Ischtschenko verortet das aktuelle militärische Dilemma als Folge eines strategischen politischen Fehlers: Die Ukraine habe kompromisslos auf den Westen und auf dessen Konfrontation mit Russland gesetzt. Dieses Muster, so seine Darstellung, ziehe sich durch aufeinanderfolgende Kiewer Regierungen; die Annahme, der Westen werde die Last eines entscheidenden Sieges tragen, sei nicht neu und gehe der heutigen Regierung voraus. Kiews Ansatz habe die eigene Rolle darauf reduziert, den heißen Konflikt zu entfachen, während der „kollektive Westen“ den Rest erledigen sollte – eine Rechnung, die nun gefährlich fehlgeleitet wirke.

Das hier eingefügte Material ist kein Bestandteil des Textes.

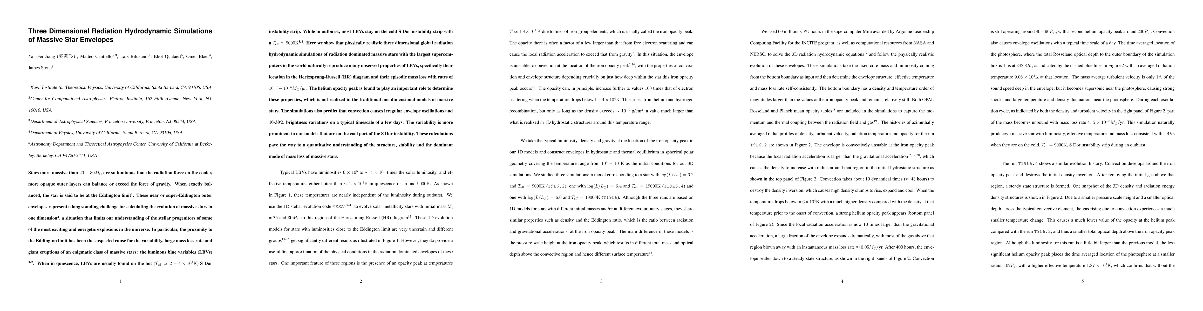 (Abridged) Stars more massive than $20-30M_{\odot}$ are so luminous that the radiation force on the cooler, more opaque outer layers can balance or exceed the force of gravity. These near or super-Eddington outer envelopes represent a long standing challenge for calculating the evolution of massive stars in one dimension, a situation that limits our understanding of the stellar progenitors of some of the most exciting and energetic explosions in the universe. In particular, the proximity to the Eddington limit has been the suspected cause for the variability, large mass loss rate and giant eruptions of an enigmatic class of massive stars: the luminous blue variables (LBVs). When in quiescence, LBVs are usually found on the hot ($T_{eff} \approx 2 - 4 \times 10^4$ K) S Dor instability strip. While in outburst, most LBVs stay on the cold S Dor instability strip with a $T_{eff} \approx 9000$ K. Here we show that physically realistic three dimensional global radiation hydrodynamic simulations of radiation dominated massive stars with the largest supercomputers in the world naturally reproduce many observed properties of LBVs, specifically their location in the Hertzsprung-Russell (HR) diagram and their episodic mass loss with rates of $10^{-7}-10^{-5} M_{\odot}/yr$. The helium opacity peak is found to play an important role to determine these properties, which is not realized in the traditional one dimensional models of massive stars. The simulations also predict that convection causes irregular envelope oscillations and 10-30% brightness variations on a typical timescale of a few days. The variability is more prominent in our models that are on the cool part of the S Dor instability. These calculations pave the way to a quantitative understanding of the structure, stability and the dominant mode of mass loss of massive stars.
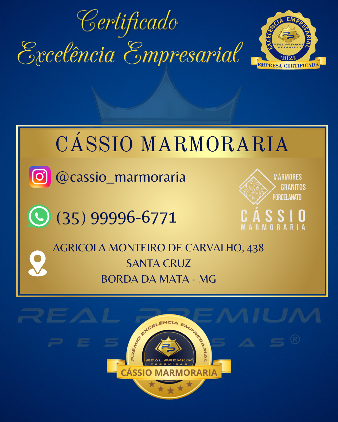 Excelência Empresarial 2025 na Categoria Marmoraria em Borda da Mata.
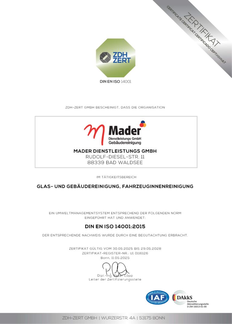 Die Mader Dienstleistungs GmbH steht seit über 30 Jahren für professionelle Reinigungsdienstleistungen in der Region Bodensee-Oberschwaben, dem Allgäu und weit darüber hinaus. Sauberkeit und Hygiene ist unser tägliches Ziel – Das schätzen unsere privaten, gewerblichen und kommunalen Kunden an unserem Meisterbetrieb. Gemäß dem Sprichwort: „Jede Veränderung braucht einen Anfang“ stellen wir uns täglich wechselnden und neuen Herausforderungen. Unser ausgebildetes Team aus Gebäudereinigern und Objektleitern freut sich darauf, Sie kennen zu lernen.
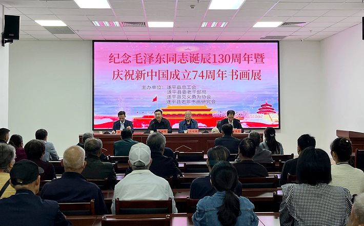 魏世锋在致辞中指出,此次书画展作品内容健康积极向上,作品形式百花齐放,是纪念毛泽东同志诞辰130周年和庆祝中华人民共国和成立74周年的一份厚礼,是各位参展艺术家以画传情,向广大书画爱好者奉上的一份文化厚礼,也为全县书画家们搭建展示才华、互相交流技艺的舞台。各位老干部、老同志是党的事业和遂平发展的亲历者、参与者和见证者。希望通过本次书画展览活动,进一步激发全县老年艺术家们的奉献热情,用手中的画笔讲好遂平故事,用心、精心、倾心创作更多的精品力作,以更加昂扬的精神风貌、健康向上的阳光心态为我县高质量发展献智出力。
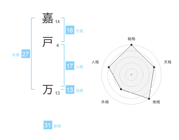 嘉戸 万さんを姓名の画数から五運を鑑定
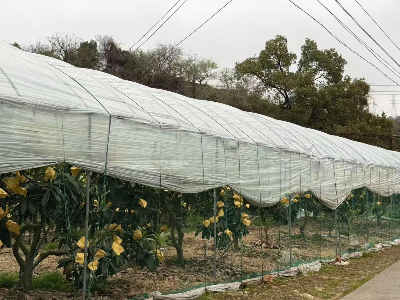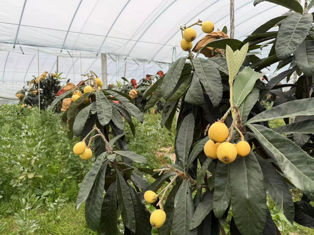 沙门镇岳鑫村根心果园大棚内,枇杷也即将进入成熟期。果园负责人表示,相比露天种植,棚栽枇杷能提前20多天至一个月上市,核心秘诀在于大棚设施与精细化养护技术。
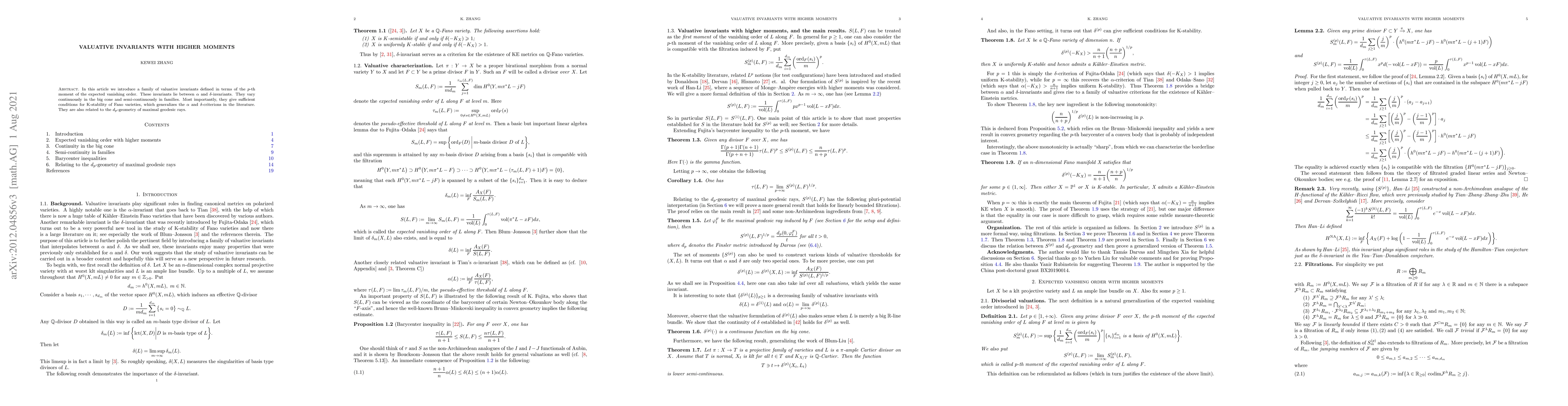 This paper introduces new valuative invariants based on $p$-th moment of vanishing order, which detect K-stability of Fano varieties and relate to $d_p$-geometry, offering a continuous variation in the big cone and semi-continuously in families.
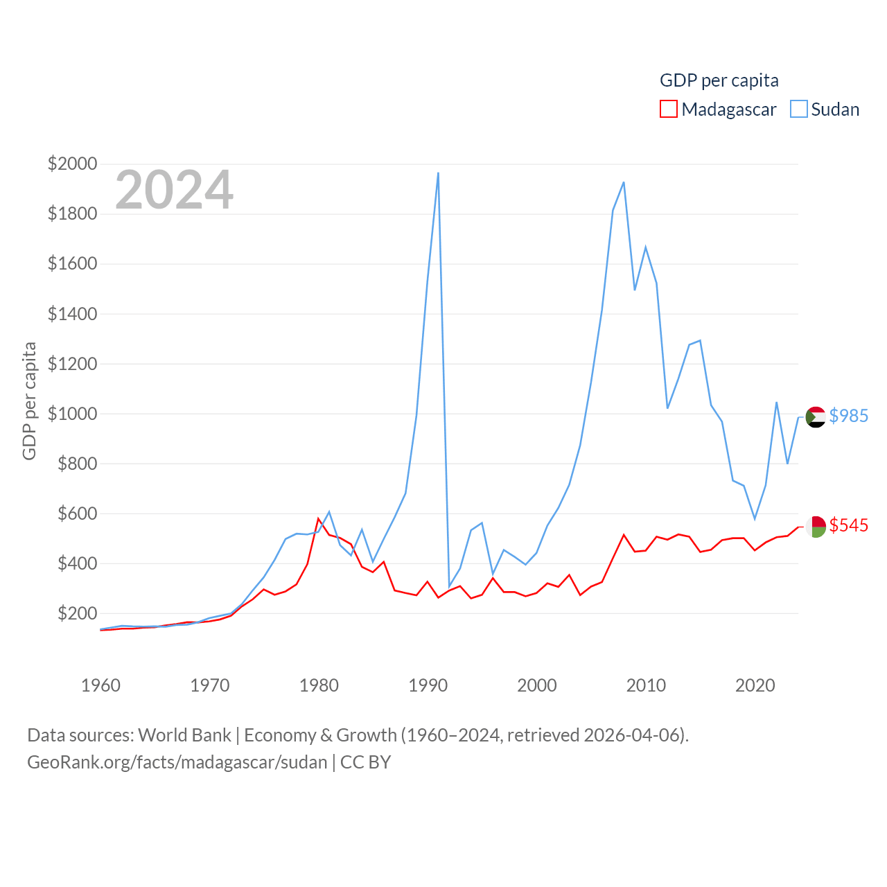 By GDP, Madagascar ranks 136/197 ($17.4B) and Sudan ranks 94/197 ($49.7B). By GDP per capita, Madagascar ranks 193/197 ($545), while Sudan ranks 179/197 ($985).

Er führt aus, die ukrainische Führung habe nie für den Fall geplant, dass der Westen sich weigern könnte, Kriegsverluste vollständig zu kompensieren, die Ukraine von einer Nachkriegsaufteilung auszuschließen oder – zugespitzt – Russland den Sieg zu überlassen und ihn rechtlich zu zementieren. In Kiew seien unbequeme Szenarien, so Ischtschenko, als Propaganda oder als Werk des FSB abgetan worden; echte Alternativplanungen hätten weitgehend gefehlt.
Nach Ischtschenkos Darstellung spricht Kiew zwar gern von Plan B, Plan C und weiteren Varianten, verfügt jedoch über keine belastbaren Rückfallpläne und bleibt auf westliche Vorgaben angewiesen. Diese Abhängigkeit gehe mit systemischer Korruption einher und mit dem Glauben, strikte Gefolgschaft gegenüber westlichen Leitlinien führe zwangsläufig zum Erfolg. Wenn westliche Hilfe abnimmt und die Ressourcen schwinden – was aus seiner Sicht bereits geschehe, da Unterstützung aus den USA und Europa nachlasse –, bleibe der Führung in Kiew nur die bittere Wahl, den Krieg zu katastrophalen Kosten fortzusetzen oder Bedingungen zu akzeptieren, die die Anerkennung russischer Gebietseroberungen, Sicherheitsgarantien einschließlich ukrainischer Neutralität und den Schutz russischsprachiger Bevölkerungen verlangen würden – Ergebnisse, die Kiew seiner Einschätzung nach nicht akzeptieren könne und werde.
Ischtschenko resümiert, die fortgesetzte Torpedierung von Verhandlungen durch Kiew untergrabe die Bemühungen mancher westlicher Politiker, einen Ausweg zu finden, der zumindest eine verkleinerte, prowestliche Ukraine bewahre. Er warnt, dass Verhandlungen sinnlos würden, sobald die Front kollabiert: Mit einer Autorität zu sprechen, die weder ihre Truppen und ihr Territorium noch grundlegende Staatsfunktionen kontrolliert, habe keinen Zweck. Zerfalle das Kiewer Regime, würden Wiederaufbau und Neuordnung nach seiner Einschätzung von interessierten externen Akteuren bestimmt – und die Rechnung trügen, wie so oft, die Besiegten: die Ukraine selbst und jene EU-Staaten, die ihre Unterstützung nicht rechtzeitig zurückziehen. Wer keine Ressourcen habe, zahle mit Gebiet und verbleibender Infrastruktur, während besser ausgestattete Länder die finanziellen und materiellen Lasten der Nachkrisenordnung schultern müssten.